>>>

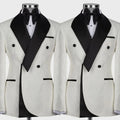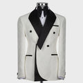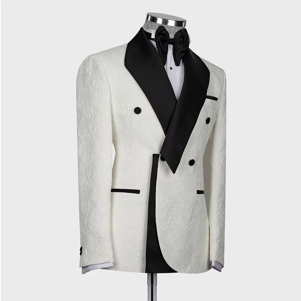 Make your wedding day unforgettable with this exquisite, tailor‑made one‑piece coat: a double‑breasted groom blazer crafted from luxurious jacquard fabric and finished with a graceful shawl lapel. Designed for the man who values craftsmanship, texture, and a distinctive formal silhouette, this customized jacket blends timeless tailoring with artisanal detail to create a singular statement piece.
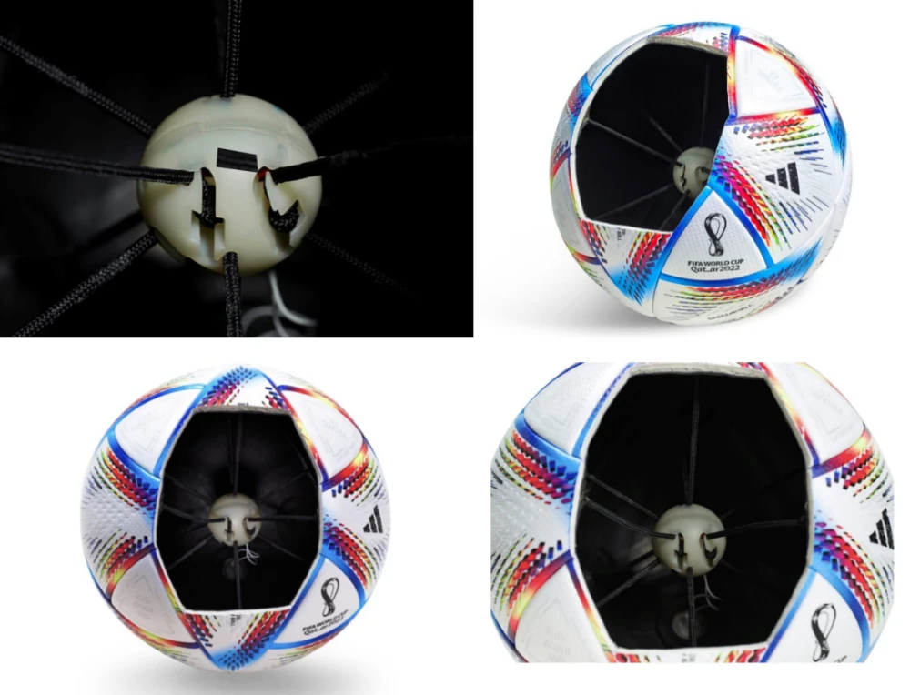 为了让足球具有优异的抗震性能,世界杯官方指定用球“Al Rihla”内胆中新的悬挂系统使用了多个连接柱,将芯片固定在球体中心的囊壳中,从而保证了球的平衡性不受影响。
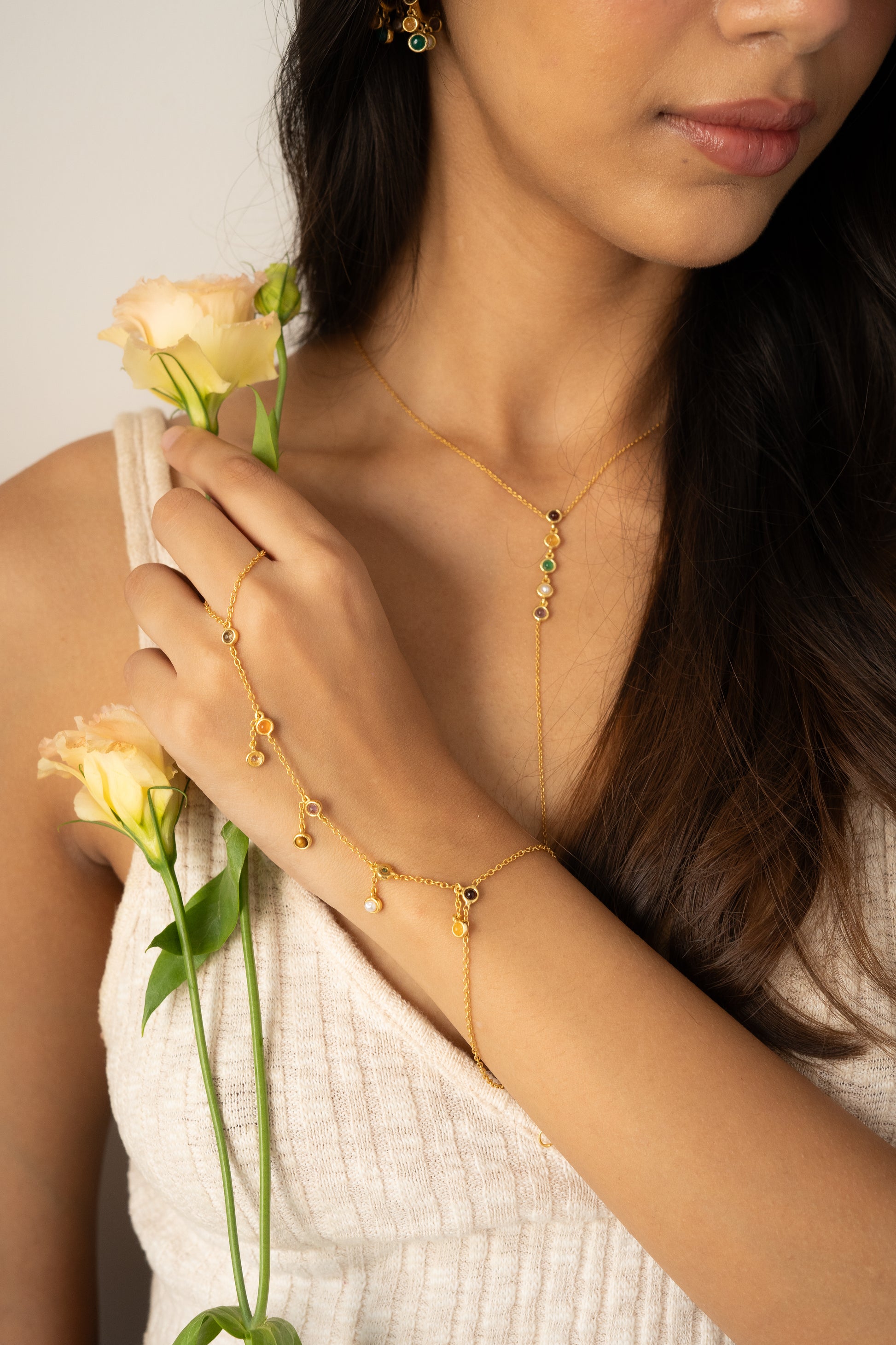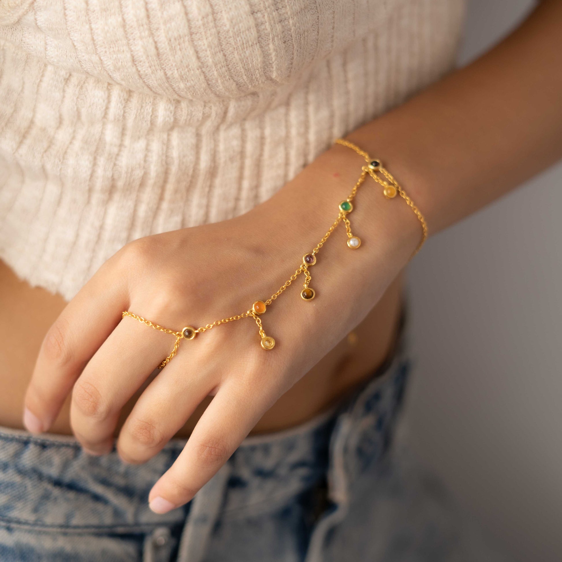 Elevate your style with our exquisite Delicate Chain Handpiece, featuring the timeless allure of Navrattan semi-precious stones. This elegant piece combines tradition and modernity, with nine vibrant gemstones carefully set on a sleek, lightweight chain. Perfect for festive occasions or everyday sophistication, this handpiece adds a pop of color and charm to your look while maintaining a refined, minimalistic aesthetic.
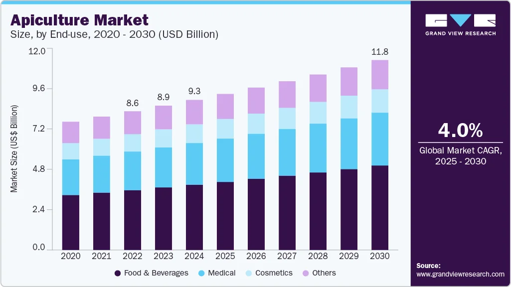 The global apiculture market was valued at USD 9.31 billion in 2024 and is projected to reach USD 11.78 billion by 2030, growing at a compound annual growth rate (CAGR) of 4.0% from 2025 to 2030. This growth is driven by the versatility of bee products, which extend beyond food and beverages into sectors such as pharmaceuticals, cosmetics, and agriculture.

<<<

Copy out exactly the lines from the one with "Elevate your style" through the end of the listing, both ends included, omitting any picture.

▸ Reply
 Elevate your style with our exquisite Delicate Chain Handpiece, featuring the timeless allure of Navrattan semi-precious stones. This elegant piece combines tradition and modernity, with nine vibrant gemstones carefully set on a sleek, lightweight chain. Perfect for festive occasions or everyday sophistication, this handpiece adds a pop of color and charm to your look while maintaining a refined, minimalistic aesthetic.
 The global apiculture market was valued at USD 9.31 billion in 2024 and is projected to reach USD 11.78 billion by 2030, growing at a compound annual growth rate (CAGR) of 4.0% from 2025 to 2030. This growth is driven by the versatility of bee products, which extend beyond food and beverages into sectors such as pharmaceuticals, cosmetics, and agriculture.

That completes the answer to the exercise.